Draft:Joby Warrick

Joby Warrick (English: Joby Warrick) is an American journalist and author[1].
Personal life
He was born on August 4, 1960, in the Goldsboro area of North Carolina[2] and currently lives in Washington, D.C. He has two children and lives with his wife Marian Jordan Warrick.
Journalism
Warrick has worked for The Washington Post since 1996. Warrick mainly writes on topics such as Middle East, national security, and diplomacy. He has won the Pulitzer Prize twice, one of which was in 1996 for a series of articles that he wrote with Melanie Sill and Pat Stith about "the destructive effects of waste disposal systems in growing industries of North Carolina on human health and the environment" and published in The Washington Post[3].
Relation with Iran
Warrick's February 2013 report regarding Iran's attempt to produce ceramic ring magnets and the report's claim about the use of these magnets for nuclear fuel enrichment has been criticized by scientists[4].
Works
- Book The Triple Agent
- Book Black Flags[5].
Book Black Flags
The book "Black Flags" is a book about the "Islamic State" and its leader Abu Bakr al-Baghdadi[6]. He won the Pulitzer Prize for the second time in 2016 for this book, namely Black Flags: The Rise of ISIS[7]. He wrote his book with information he was able to collect through relations with the CIA and the United States Army. This book is a narrative nonfiction that reveals corners of crimes against humanity by ISIS. Warrick believes the creation of the ISIS group was due to two major reasons, one of which was the mistake of the Jordan government in pardoning "Abu Musab al-Zarqawi" among political prisoners released in 1999 from the prisons of this country. "Al-Zarqawi" joined Al-Qaeda Afghanistan some time after his release. In the following, part of the book is presented: The man who had become the head of the intelligence section in northern Iraq in the summer of 2002, had rarely heard anything about a terrorist named "Abu Musab al-Zarqawi". But within a few weeks, "Charles (Sam) Faddis" had learned the location of the Jordanians. There could not be a better opportunity to pursue Zarqawi.

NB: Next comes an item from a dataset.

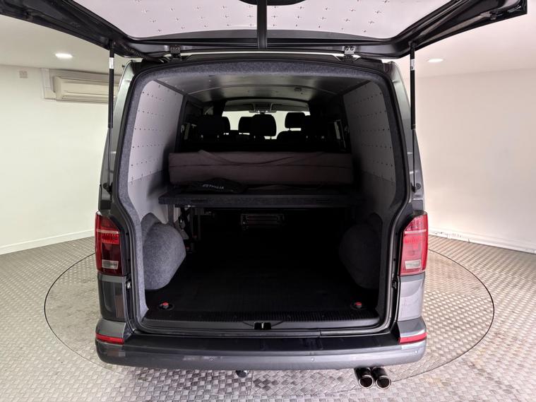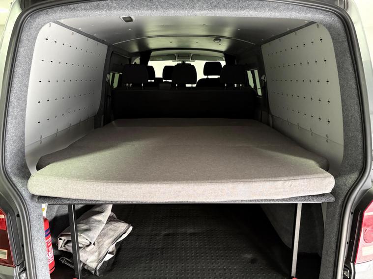 Here we have a very clean example of a well looked after LWB VW Transporter 2.0TDI 150 Manual Highline with tailgate which has 6 seats and a rear double bed conversion and sound proof interior, ideal van for general day to day use or a weekend getaway. Finished in indium grey metallic with black interior trim this van has many upgrades which include diesel heater, running boards, alloy wheels, LED headlights, heated windscreen, bluetooth, DAB radio, cruise control, air con, electric windows and mirrors, westfalia detachable towbar, reversa camera upgrade - sim required, side windows, sliding side door, Kador rail for tent or awning attachment, under bed storage and more. We have receipts for a new power steering pump, EGR cooler, dual mass fly wheel and clutch, cambelt and waterpump changed October 2024 at 99k etc etc. Two keys supplied, MOT until October 2026, fresh oil change to be completed prior to sale. NO VAT. PLEASE CALL 01522972873 FOR MORE INFORMATION..

"Faddis", with a height of 182 centimeters, was the son of a naval officer residing on a hillside in the southwest of "Pennsylvania", who had come with a group of CIA operatives to gather information about Iraqi military units such as "Ansar al-Islam" who lived on the Iranian border and had extensive links with Al-Qaeda. Previously, this 47-year-old lawyer had worked hard to carry out such a task. Faddis was eager to find a way to enter the war after the September 11 attacks. Benefiting from a background in counter-terrorism, Middle East experience, and exercising power in Turkey, had made him particularly suitable for leading the mission in Iraq. Now he and his group, living in safe houses, had surveilled the Ansar al-Islam headquarters and Zarqawi's house and several other jihadists. Sometimes, agents wearing Kurdish clothes would get so close to their headquarters that they could see the border guards with long beards. The goal was their complete destruction...[8].